PostPosted: Mon Aug 18, 2008 5:39 pm 

Joined: Wed Jun 18, 2008 3:31 pm
Posts: 11
BusinessWeek
Bracing for Inflation
By John K. Castle

Growing evidence suggests American consumers, businesspeople, and political leaders should all be bracing for double-digit inflation, probably as early as 2009.

The relative price stability of the past 15 years is giving way to worsening inflation, despite the recent softening of oil prices.

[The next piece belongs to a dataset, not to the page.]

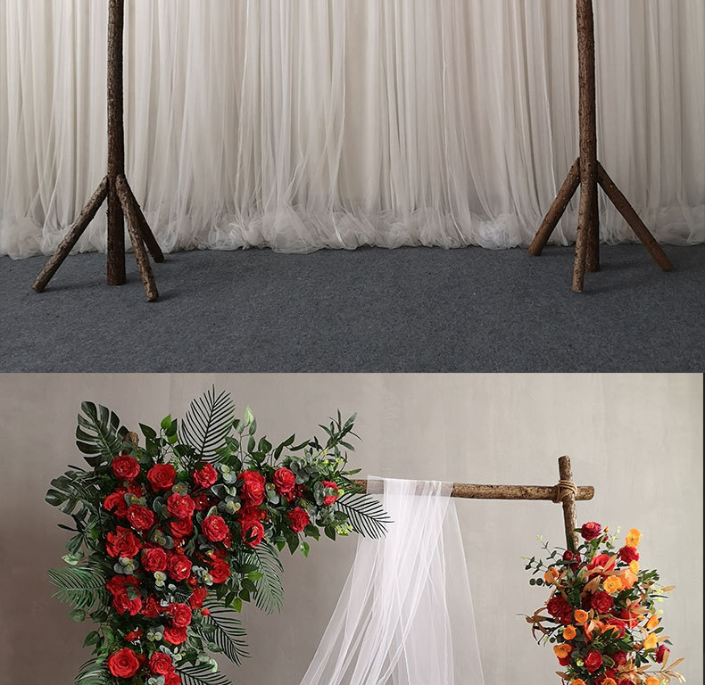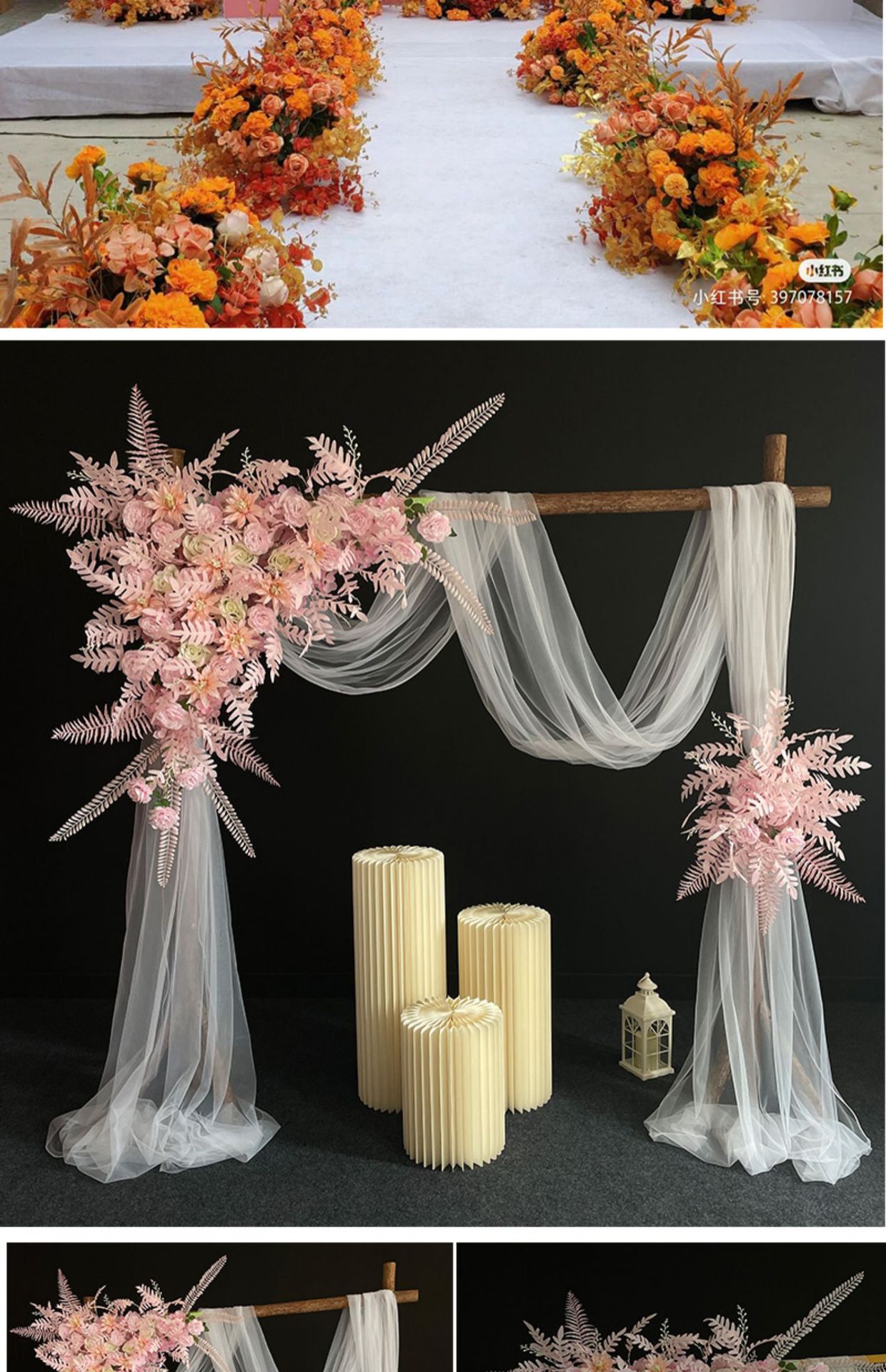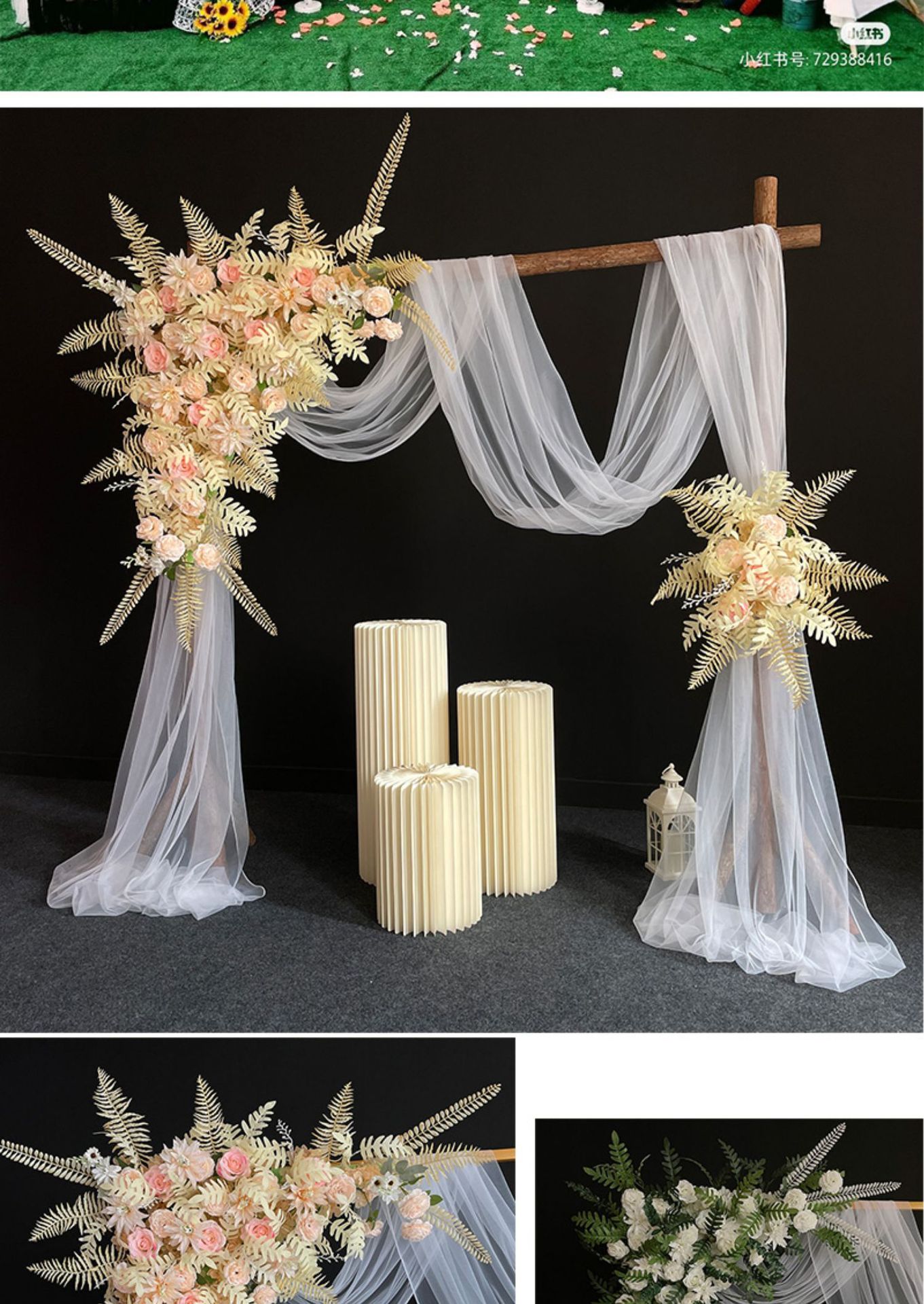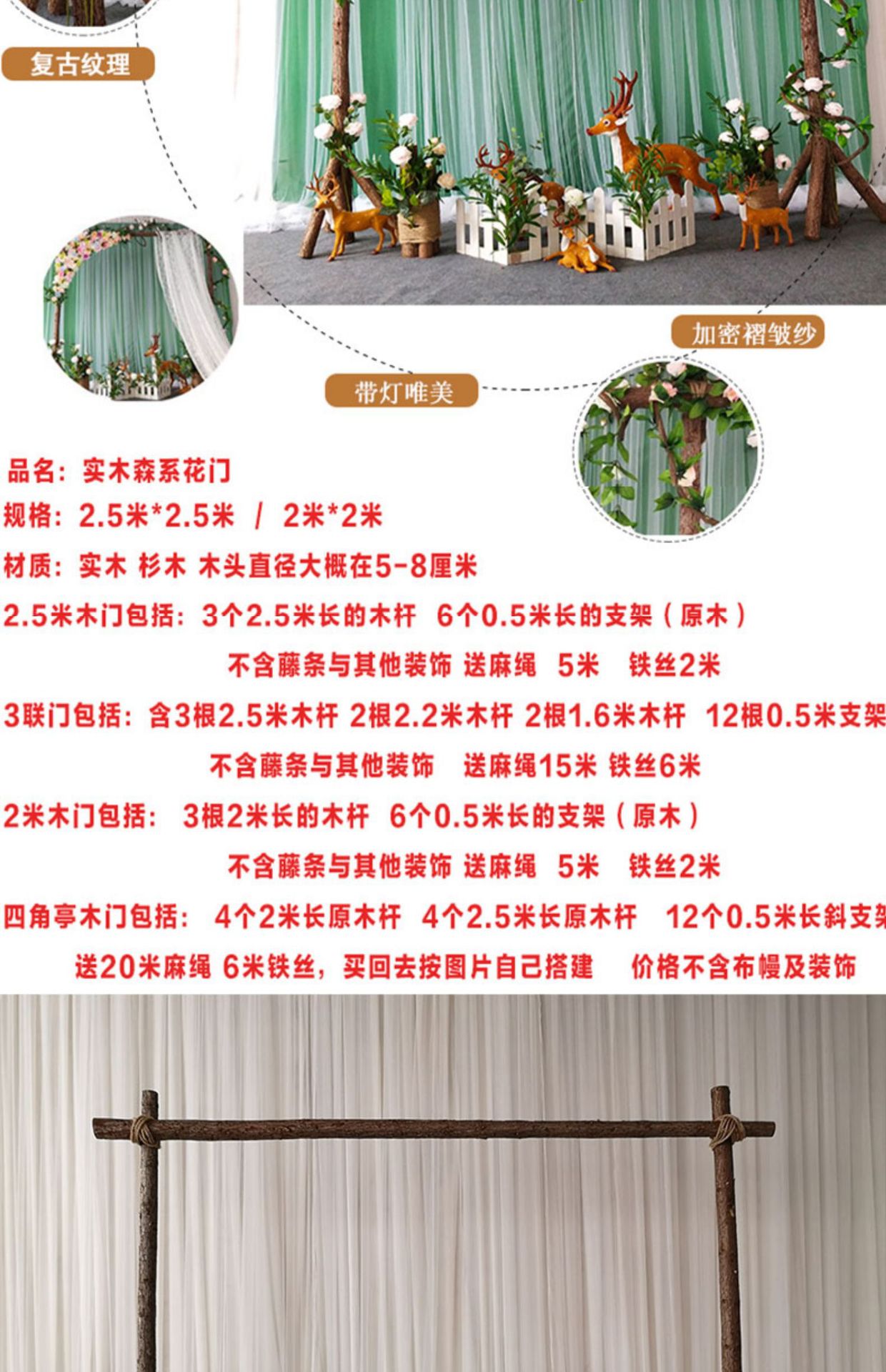 웨딩 모리 우드 스테이크 도어 아치 잔디 야외 웨딩 우드 선반 꽃 문 배열 나무 스테이크 배경 장식품스토어 가기

The Consumer Price Index for all items shows the inflation rate averaged 2.6% a year from 1992 through 2007 but has doubled since January, reaching an annual rate of 5.6% in July (BusinessWeek.com, 8/14/08). By next year, the monthly figure could hit double digits, and the inflation rate for 2009 overall could triple 2007's 2.85%.

I say this not only because I have looked at a broad range of statistics that point in this direction. I also run a private equity investment firm that owns companies in a number of industries -- including restaurants, the manufacture of gardening tools, oil and gas exploration services, and distribution of entertainment products such as books and videos -- that are already being forced to pass price increases on to the consumer.

The skyrocketing price of oil is obviously a central element in the accelerating price spiral. But a sea change in China's role (BusinessWeek, 6/19/08) is beginning to have a huge impact as well.

Increasing Commodities Pricing

Anyone who hasn't been living in a cave for the past year knows that oil prices have soared and pushed up the prices of gasoline, diesel fuel, and heating oil. Largely hidden from view, however, have been steep and continuing price increases across the whole spectrum of commodities.

Oil almost doubled in price, from $78.21 in July 2007 for a barrel of benchmark crude, to $145, where it peaked before dipping below $120. But from a longer perspective, oil sold for about $30 a barrel during 2003 and much of 2004. Thus it has actually quadrupled in five years. Coal, traditionally volatile, sold for about $30 a ton during 2003, peaked briefly at $63 in 2004, and went for $45.25 at the end of July 2007. A year later it hit $139.50 before slipping back a bit. It has tripled in 12 months.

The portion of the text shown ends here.